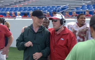 There are few actors in Hollywood brave enough to wear their Catholic faith on their sleeve and base their career decisions about the films and TV shows they will and won’t do on the morals they’ve been instilled with. Jim Caviezel, who played Christ in “The Passion of the Christ” before becoming the star of the hit CBS series “Person of Interest,” and Mel Gibson are two of the standouts. But Neal McDonough is another staunchly Catholic actor who is making a splash in Tinseltown, with nonstop work in television including a regular role on the CW network’s hit superhero show “Arrow” as villain Damien Dahrk. What’s even more remarkable about him, however, is that the married father of five’s strong standard of not performing sex scenes has inspired him to walk away from a $1 million payday for the ABC “Scoundrels” in 2010, drawing attention and admiration for his principles from those in show business as well as far beyond. Now he’s the one of the stars of the new faith-driven movie “Greater,” in which he plays the real-life character of Marty Burlsworth, who instilled a passionate faith and unquenchable spirit in his younger brother Brandon. Brandon went on to become the greatest walk-on player in the history of college football, becoming a beloved player for the Arkansas Razorbacks despite being considered too short and too fat to play, and who set an inspiring example for all when he made it all the way to the NFL – only to be killed in a car crash 11 days after being drafted. The movie powerfully addresses his remarkable life and the way that his death also inspired others to greater faith and trust in God, and McDonough took the time to discuss the movie with me for CNA. The movie is playing in select theatres nationwide, and you can find the them by visiting the movie’s site at www.greaterthemovie.com. You play Marty Burlsworth in GREATER. Tell us a little about the character. Well, Marty is a real guy – and a really great guy. He’s the older brother of the movie’s central character, Brandon Burlsworth, a phenomenal offensive lineman for the Arkansas Razorbacks in the late 90s. Brandon is right on the cusp of making it the NFL, he gets drafted by the Colts, and he dies. That really puts Marty through the ringer – and the movie follows how he tries to get his faith and his joy back after the tragedy. Sounds like a meaty and emotional role. It really is. Marty is a typical big brother –- loves Brandon, wants the best for him, razzes him a little bit throughout his life. But as much as Brandon looks up to Marty, Marty looks up to him, too – because he has such high character and commitment to all he does. Particularly when it comes to his religious faith, Brandon’s is deep and consistent – and Marty admires that. Especially when he struggles with his own faith after Brandon dies. Speaking of faith, you’re well-known as a Christian in Hollywood for your strong Catholic faith. Did that influence your decision to star in a faith-based film like GREATER? My Catholic faith is central to who I am as a human being – not just as an actor – so it informs every decision I make, whether it’s deciding on a project or deciding on how to treat the guy who cuts me off in traffic. And, for the record, I don’t get it right in either case every time! I’m always on the lookout for projects with a strong moral and inspirational core – and GREATER certainly qualifies there. It’s an entertaining, thought-provoking take on what it looks like to follow the path God lays out before you even when it has bumps and twists and turns. As long as we’re on the subject of your faith, it’s been reported that you actually lost a role because you wouldn’t do the graphic love scenes that were demanded of you. That your Catholic convictions and your respect for your wife made you uncomfortable about the part. (Laughs) yes, it’s true that I don’t like to do – I won’t do – those kinds of scenes because of my desire to honor Ruve. One of the reasons I take my fair share of villain roles is because very rarely are villains required to do love scenes. I’m just more comfortable as a man and a husband when that’s not part of the job. Speaking of villains, you were the chief bad guy on last season’s ARROW, the CW series based on the Green Arrow comic books. You played Damien Darhk, who was very dark indeed. How much fun was that show to do? Well, it’s still fun to do – I’m filming the upcoming season now and it’s a delight. He is really a rich, hammy villain – very much in the brilliantly crazy mold of other comic-book bad guys like Lex Luthor and even the Joker – without the clown makeup. I mean, who doesn’t want to be in a superhero series or film? I’ve been in two now, and it’s a dream come true for every actor who was a kid who loved comic books. Can you give us any details on the new season of ARROW? You know a good villain never gives away his plot. You’re going to have to tune in like everybody else. Let’s go back to GREATER. The young man who plays Brandon, Chris Severio, is a first-time actor. What was it like working with him? Chris is a top-notch young man and a very fine, intuitive actor. He’s the moral center of this movie – and that’s a tricky thing to play without coming off as too pious or self-righteous or boringly goody two-shoes. Chris does a very good job of avoiding those stereotypes and giving a very honest, real performance. You root for Brandon, you see why Marty and everybody else admires him so much, because of the sincerity and grit Chris brings to the part. Were you aware of Brandon’s story before the film? I knew about the tragedy of his death, of course. And about what a remarkable story he was as a player – to make it as a non-scholarship walk-on at a major school like Arkansas and end up being drafted fairly high into the NFL. That takes a remarkable amount of determination. But I
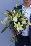 Bouquet of white roses, lilies, alstroemeria - 1 pcs.
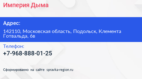 Империя Дыма по адресу 142110, Московская область, Подольск, Клемента Готвальда, 6в в дальнейшем Организация, размещена в следующих категориях:
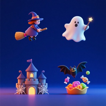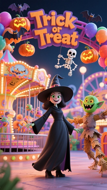卡通感与3D风结合,拟人化的巫师与稻草人欢庆万圣节,梦幻灯光与软塑料质感营造出喜庆的虚拟现实游乐场氛围。
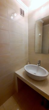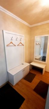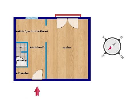 A kényelmes méretű szoba franciaerkélyes, dél-keleti fekvésű, nagyon szép napfényes! A lakásban található egy beépített szekrényes irattár / gardrob / étkező, egy előszoba-közlekedő és egy wc kézmosóval.
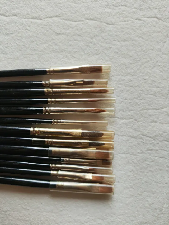 Dettagli del prodottoSet di pennelli del marchio Rembrandt. Include varie dimensioni e forme per diverse tecniche di pittura. Manico nero. Anello metallico dorato. Punta in setole. La descrizione è stata tradotta automaticamente.
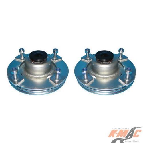 SIMPLY REPLACE THE EXISTING TOP STRUT MOUNTS : Steel with elastomer bushed centers and “captive” ball race thrust bearings for day to day commuter usage. Simply replace the existing top strut mounts (no modifications). Reinforcing the strut towers and with the unique KMAC patented design providing the biggest (and quickest) adjustment range of both Camber and Caster. Another KMAC Patented design feature allows this fast adjustment to be made accurately under load.
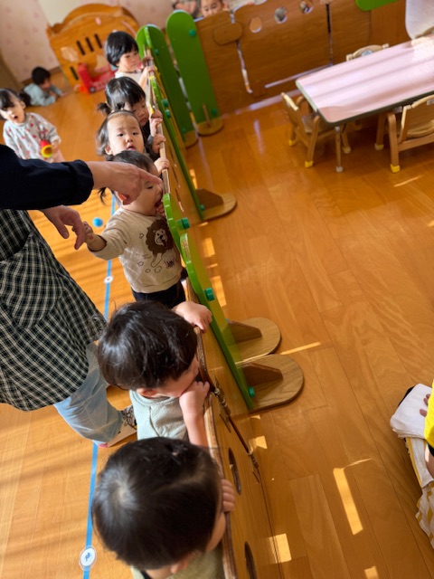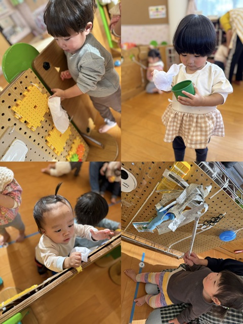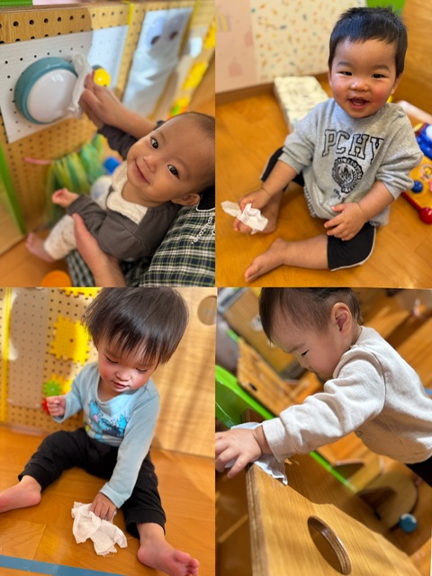こうやってするんだ〜っと言わんばかりに、道具をもらうとすぐに取り掛かる子どもたち😳✨すごい吸収力です!真似っこが上手☺️玩具や柵を一生懸命に拭いて綺麗にしていました😊0歳児なりにどこか理解をして綺麗にしようとする姿に成長も感じることが出来ました🥹
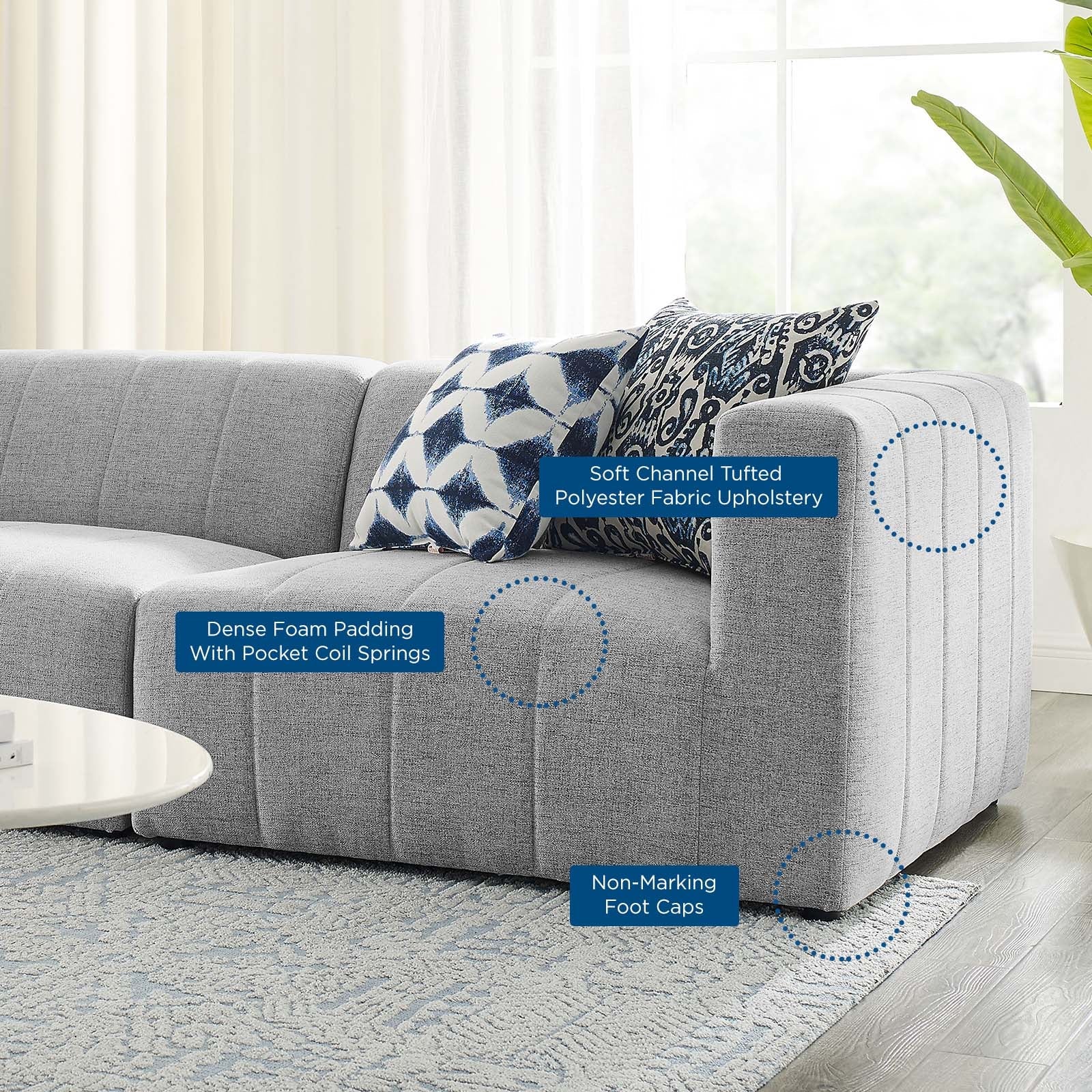 Indulge in comfort and relaxation by creating a custom living room and lounge area with the Bartlett Upholstered Fabric Sofa. Featuring subtle channel tufting, rounded corners, and soft polyester fabric upholstery, this three-seater sofa brings retro modern style and contemporary allure to your living space. Dense foam padding and a pocket coil spring system in the cushions offer a luxe seating experience with premium support and comfort. With a sturdy frame crafted from solid wood and plywood, this living room sofa features modular connectors to keep each sectional sofa piece secure and non-marking foot caps to protect flooring. Each Piece Weight Capacity: 331 lbs.
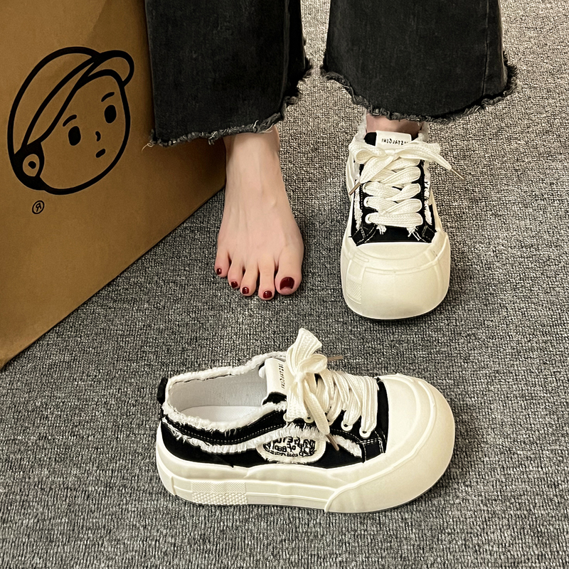 小众百搭休闲运动鞋 女春秋ins潮2025年新款 小白帆布板鞋 黑色爆款
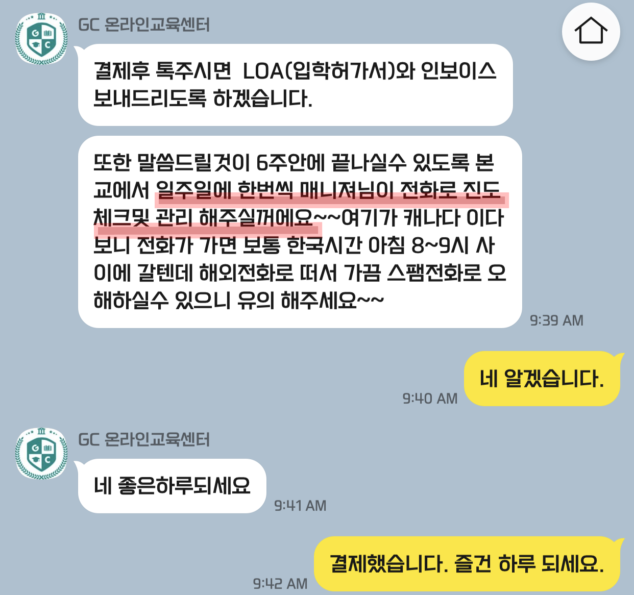 1주일에 한번씩 전화로 학습 관리 1주~2주에 한번씩 전화로 학습 체크를 해 주시는데, 처음에 전화를 받고는 너무 놀랐습니다.

★ ★ ★

WORK TASK:
Take the lines from the one that contains "小众百搭休闲运动鞋 女春秋ins潮2025年新款 小白帆布板鞋 黑色爆款" down to the last line of the listing above, both included, and set them down exactly, leaving out pictures.

WRITTEN SOLUTION:
 小众百搭休闲运动鞋 女春秋ins潮2025年新款 小白帆布板鞋 黑色爆款
 1주일에 한번씩 전화로 학습 관리 1주~2주에 한번씩 전화로 학습 체크를 해 주시는데, 처음에 전화를 받고는 너무 놀랐습니다.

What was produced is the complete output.